--- Data provided ---

Segment Open

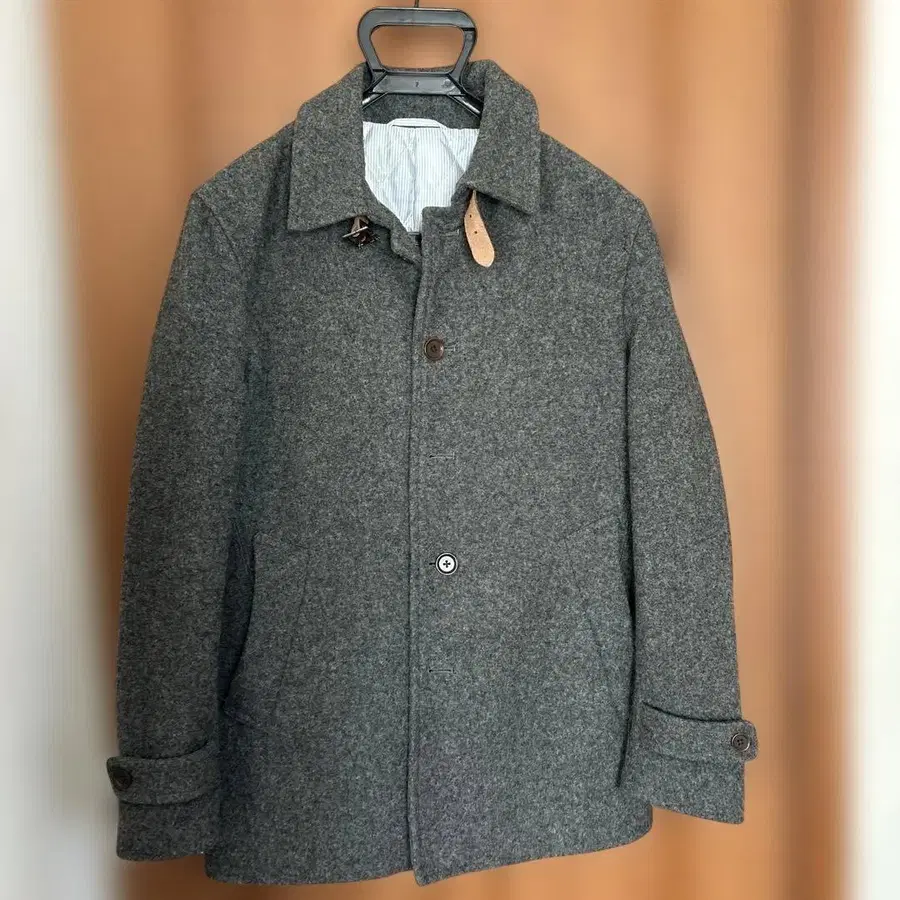 울 소재의 그레이 색상 피코트, 단추식, 스트라이프 패턴 안감 부착 기장 약 71 가슴 너비 약 53 어깨 너비 약 44 소매 길이 약 62 used로 구매 1번도 입지 않았습니다
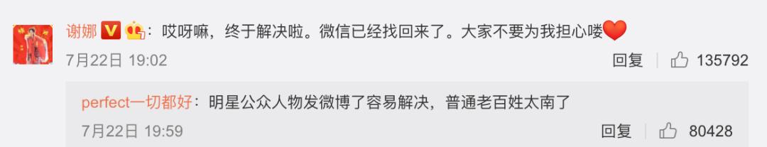 不到一小时后的 19 点 02 分,谢娜又发了一条微博,说问题解决了。
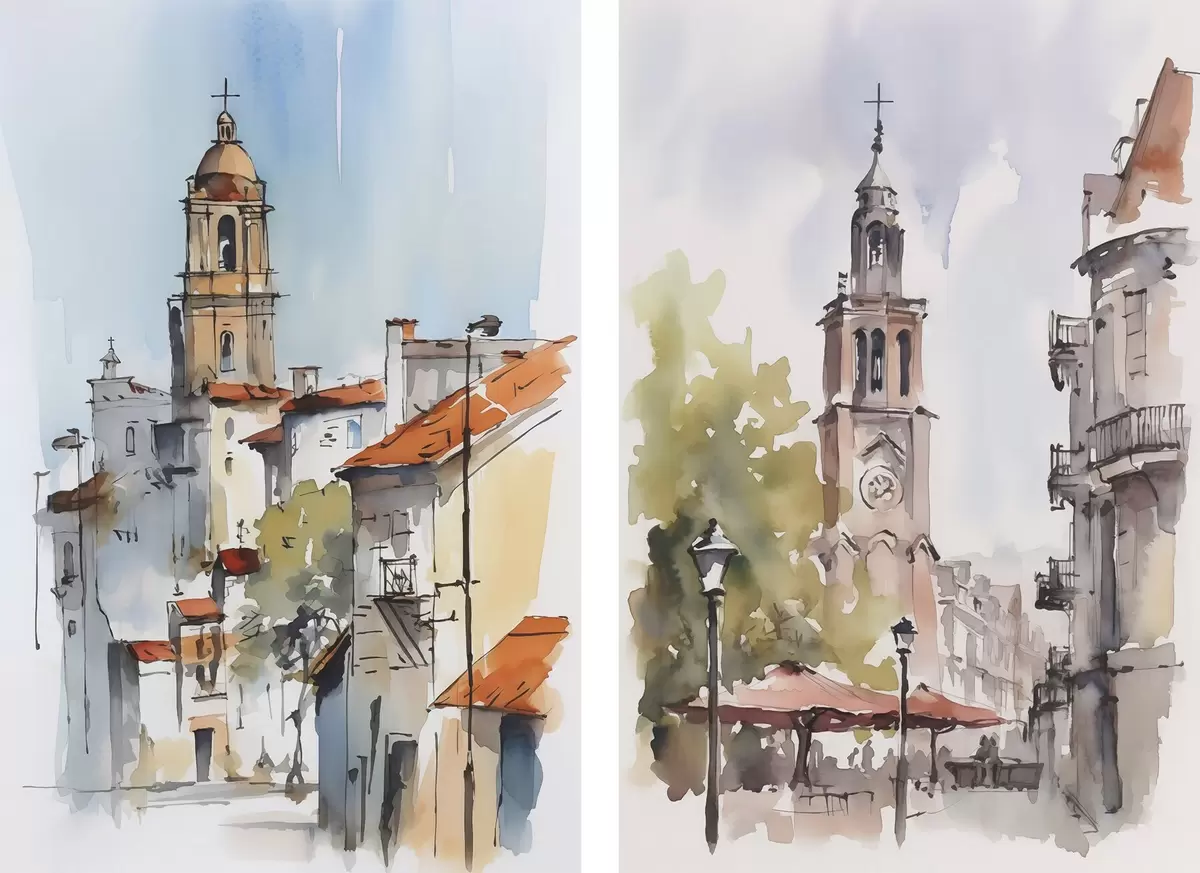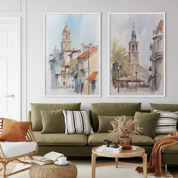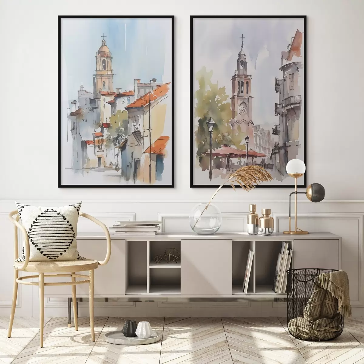 Plakát a sziklán Városi táj utánzat akvarell d00832

Segment Closed

--- Exercise prompt ---
Any picture in the material is to be left out, and everything else is to be retyped as is.

--- Output of the task ---
 울 소재의 그레이 색상 피코트, 단추식, 스트라이프 패턴 안감 부착 기장 약 71 가슴 너비 약 53 어깨 너비 약 44 소매 길이 약 62 used로 구매 1번도 입지 않았습니다
 不到一小时后的 19 点 02 分,谢娜又发了一条微博,说问题解决了。
 Plakát a sziklán Városi táj utánzat akvarell d00832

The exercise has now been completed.